Пасть: Пасть. Логово. Стая (сборник)
Шрифт:
Стрелки командирских часов крохотными светляками ползли к полуночи. Рваным зигзагом прочертила темноту летучая мышь – он вздрогнул, оторвавшись на мгновение от напряженного высматривания. У воронки – ни звука, ни шевеления. Но он чувствовал – если гости и придут, то скоро, в течение ближайшего часа. Под утро на таких охотах дичь появляется редко. Но бывает всяко.
Издали прокатился разнокалиберный перелай собак. Старик насторожился, прислушался: лают в поселке, – кого-то или что-то учуяли. Со стороны Редкого Кузьмина, из-за ограды одной из вилл, откликнулся мощный, басовитый голос, – гавкнул раза три и замолк, не желая участвовать в плебейской сваре.
Ноги
Опять же, что волки, что собаки – Божьи твари, тоже есть хотят. Что поделать, если природа у них хищная. И если они выбрали не ту корову. Не надо их ненавидеть. Их надо просто убить – выполнить неприятную и нелегкую работу.
Старик ждал.
Глава седьмая
Поминки оказались совсем простые: на столе стояла банка «эликсира жизни» на основе медицинского спирта, за столом сидели Эскулап с Капитаном. Эскулап разлил по второй и провозгласил незамысловатый тост:
– Ну, чтоб земля ему была пухом! Точнее, чтоб кремационная печь была… была… блин, чем бы она ему была бы, а? Короче, гори спокойно, дорогой товарищ….
Они выпили из лабораторных мензурок, не чокаясь.
Удобная, подумал Капитан, тара с делениями: пьешь и видишь, как приближаешься к своей норме. Однако, как ни странно, использование мензурок перебрать норму ничуть не мешает…
Он глотнул осторожно – чистого алкоголя в зелье процентов семьдесят, а то и больше, остальное – сахар и всевозможные добавки, призванные приглушить и замаскировать убойную крепость.
Эскулап, который не признавал слабых напитков (а к таковым он относил все, не дотягивающее до шестидесяти градусов), – и чья глотка давно загрубела от подобных собственноручно приготовляемых коктейлей, – Эскулап пил медленно, с видимым удовольствием и не торопился тянуться к закуске.

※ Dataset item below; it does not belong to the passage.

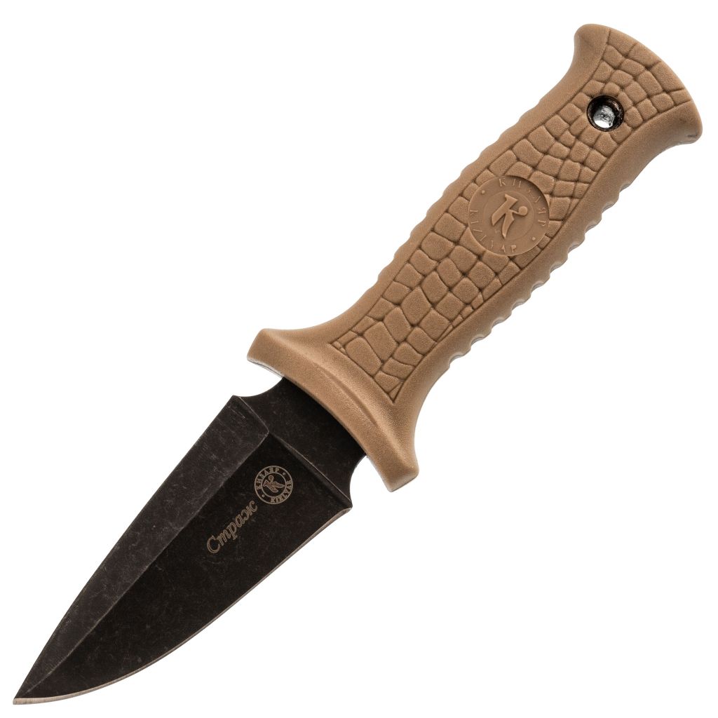 Интернет-магазин NOZHIKOV представляет нож Страж из стали AUS-8, твердость 58-60 HRC для любителей. Это популярная российская компания, которая выпускает надежные колюще-режущие аксессуары. Данная модель снабжена прочным стальным лезвием, которое прошло дополнительную термическую обработку BlackStonewash, о чем говорит характерный черный цвет. Покрытие защищает от коррозии и царапин. Тактический клинок укомплектован эргономичной рукояткой из материала под названием эластрон цвета хаки. Также бывает песочным и не скользит в руках.
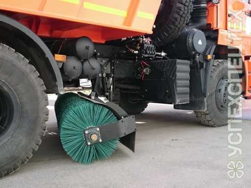 При очистке дорожного полотна от мусора во время летнего содержания автомобильных дорог на переднем специальном бампере устанавливается водяная гребенка с форсунками для подавления пыли.

Он погладил банку, конспирации ради украшенную узкой красной наклейкой «ОСТОРОЖНО: ЯД!», и сказал то, что на поминках говорить вроде и не полагалось:
– Хороший был парень Витя. Но – слабак! И дурак, если по большому счету…
– Потому что застрелился? – осторожно спросил Капитан и налил еще по одной.
Похоже, сейчас Эскулапа потянет на умные разговоры. Интересно будет послушать. Последнее время народ в Лаборатории зажат и молчалив. Те, кто знает – потому что знают; кто не знает – поддавшись обшей атмосфере тревожного и подозрительного ожидания. Записи прослушки совершенно неинтересные, короткие деловые фразы, ничего лишнего, ничего личного, никакой возможной зацепочки…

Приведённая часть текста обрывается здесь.